IEEE J Biomed Health Inform. 2023 Dec;27(12):6121-6132. doi: 10.1109/JBHI.2023.3317272. Epub 2023 Dec 5.
Cell type identification is a crucial step towards the study of cellular heterogeneity and biological processes. Advances in single-cell sequencing technology have enabled the development of a variety of clustering methods for cell type identification. However, most of existing methods are designed for clustering single omic data such as single-cell RNA-sequencing (scRNA-seq) data. The accumulation of single-cell multi-omics data provides a great opportunity to integrate different omics data for cell clustering, but also raise new computational challenges for existing methods. How to integrate multi-omics data and leverage their consensus and complementary information to improve the accuracy of cell clustering still remains a challenge. In this study, we propose a new deep multi-level information fusion framework, named scMIC, for clustering single-cell multi-omics data. Our model can integrate the attribute information of cells and the potential structural relationship among cells from local and global levels, and reduce redundant information between different omics from cell and feature levels, leading to more discriminative representations. Moreover, the proposed multiple collaborative supervised clustering strategy is able to guide the learning process of the core encoding part by learning the high-confidence target distribution, which facilitates the interaction between the clustering part and the representation learning part, as well as the information exchange between omics, and finally obtain more robust clustering results. Experiments on seven single-cell multi-omics datasets show the superiority of scMIC over existing state-of-the-art methods.
细胞类型鉴定是研究细胞异质性和生物学过程的关键步骤。
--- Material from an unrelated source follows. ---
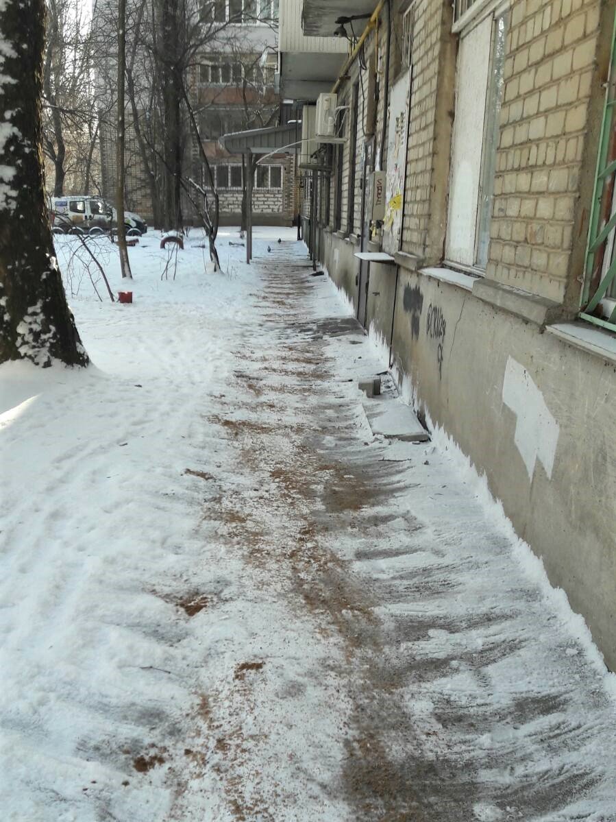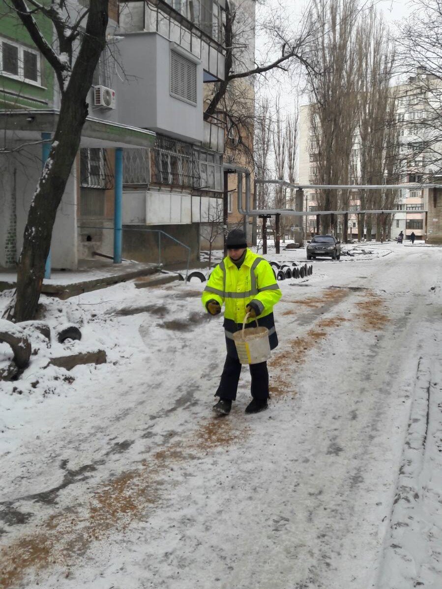 Фахівці компанії були на “низькому старті” та при настанні ожеледиці одразу приступили до її посипки. Для цього задіяли весь штат служби клінінгу. Робітники посипають піщано-сольовою сумішшю входи до під’їздів, сходинки ганків, пішохідні доріжки біля будинків. Суміш розвозиться автотранспортом компанії за адресами, де її отримують робітники та вручну посипають прибудинкову територію. Щоденно витрачається близько 5 тонн суміші

单细胞测序技术的进步使得各种细胞类型鉴定的聚类方法得以发展。然而,现有的大多数方法都是为聚类单组学数据而设计的,如单细胞 RNA 测序 (scRNA-seq) 数据。单细胞多组学数据的积累为整合不同的组学数据进行细胞聚类提供了很好的机会,但也给现有方法带来了新的计算挑战。如何整合多组学数据,并利用其一致性和互补信息来提高细胞聚类的准确性仍然是一个挑战。在这项研究中,我们提出了一个新的深度多层次信息融合框架,名为 scMIC,用于聚类单细胞多组学数据。我们的模型可以从局部和全局水平上整合细胞的属性信息和细胞之间潜在的结构关系,并从细胞和特征水平上减少不同组学之间的冗余信息,从而得到更具判别力的表示。此外,所提出的多个协同监督聚类策略能够通过学习高置信度目标分布来指导核心编码部分的学习过程,从而促进聚类部分和表示学习部分之间的相互作用,以及组学之间的信息交换,最终得到更稳健的聚类结果。在七个单细胞多组学数据集上的实验表明,scMIC 优于现有的最先进方法。